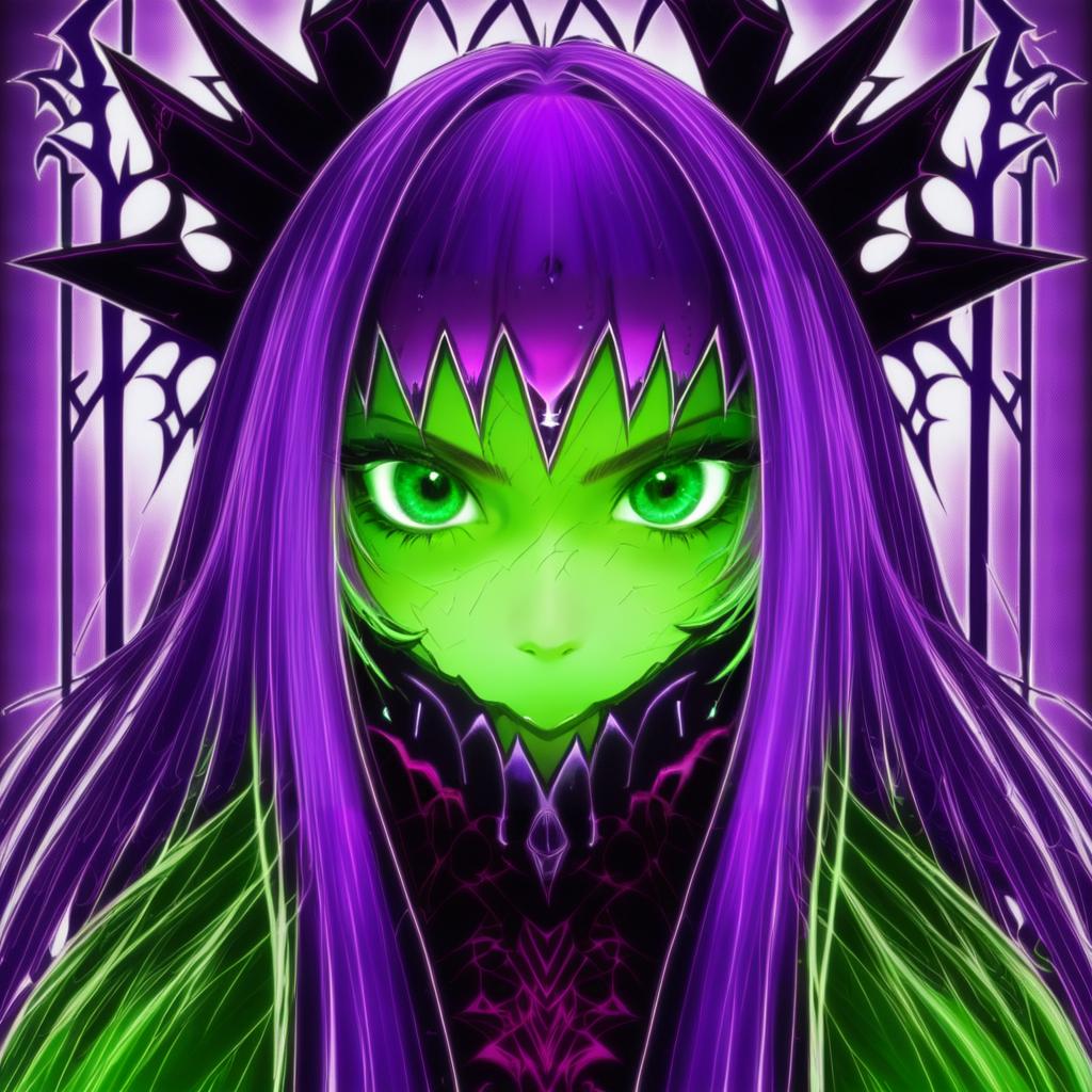 Digital anime-style artwork featuring a girl with vibrant green eyes and long purple hair. The character has a mysterious and otherworldly appearance with green skin and intricate dark purple and green clothing. A sharp black spiked crown or accessory is visible behind her head, adding to the fantasy theme. The art is influenced by styles similar to those of artist Urushihara Satoshi, emphasizing strong color contrasts and detailed facial features.
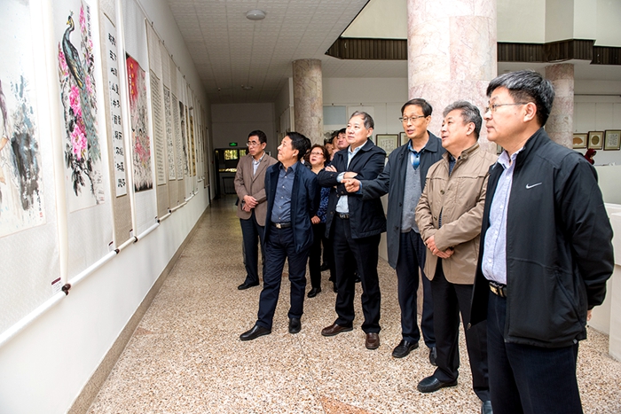 书人生感怀,画校园风景,摄社会百态,展国家繁荣。在中国特色社会主义进入新时代之际,学校举行教工书画展热烈庆祝党的十九大胜利召开。10月24日上午,校党委书记张伟、副校长孙祥斌、宋中民,纪委书记周胜良与党委宣传部、党委统战部、校工会、校团委、学生工作处、机关党总支等部门和部分学院领导一起来到承先图书馆参观教工书画摄影展。张伟指出,作品充分展现了国家过去五年的发展成就,体现了全校教职工对美好生活的追求,我们要不忘初心砥砺奋进,在习近平新时代中国特色社会主义思想引领下,为学校的进一步发展、为中华民族伟大复兴中国梦的实现贡献自己的力量。
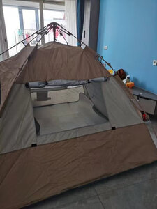 帐篷非常好搭,我是重来没有搭过帐篷的人今天第一次一个人操作,我买的大点的帐篷,带小朋友在里面玩耍空间非常大,很不错。也推荐给朋友了,好东西必须要来好评一下
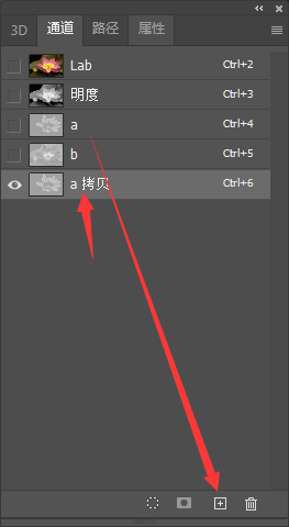 6、进入通道面板。选择a通道不放,拖到新建图层+号上。得到a拷贝图层。如下图:

→ Description of the task
Every line from the one with "书人生感怀,画校园风景,摄社" through the one with "帐篷非常好搭,我是重来没有搭" is to be reproduced exactly as written above, and the pictures are to be dropped.

→ Result for this task
 书人生感怀,画校园风景,摄社会百态,展国家繁荣。在中国特色社会主义进入新时代之际,学校举行教工书画展热烈庆祝党的十九大胜利召开。10月24日上午,校党委书记张伟、副校长孙祥斌、宋中民,纪委书记周胜良与党委宣传部、党委统战部、校工会、校团委、学生工作处、机关党总支等部门和部分学院领导一起来到承先图书馆参观教工书画摄影展。张伟指出,作品充分展现了国家过去五年的发展成就,体现了全校教职工对美好生活的追求,我们要不忘初心砥砺奋进,在习近平新时代中国特色社会主义思想引领下,为学校的进一步发展、为中华民族伟大复兴中国梦的实现贡献自己的力量。
 帐篷非常好搭,我是重来没有搭过帐篷的人今天第一次一个人操作,我买的大点的帐篷,带小朋友在里面玩耍空间非常大,很不错。也推荐给朋友了,好东西必须要来好评一下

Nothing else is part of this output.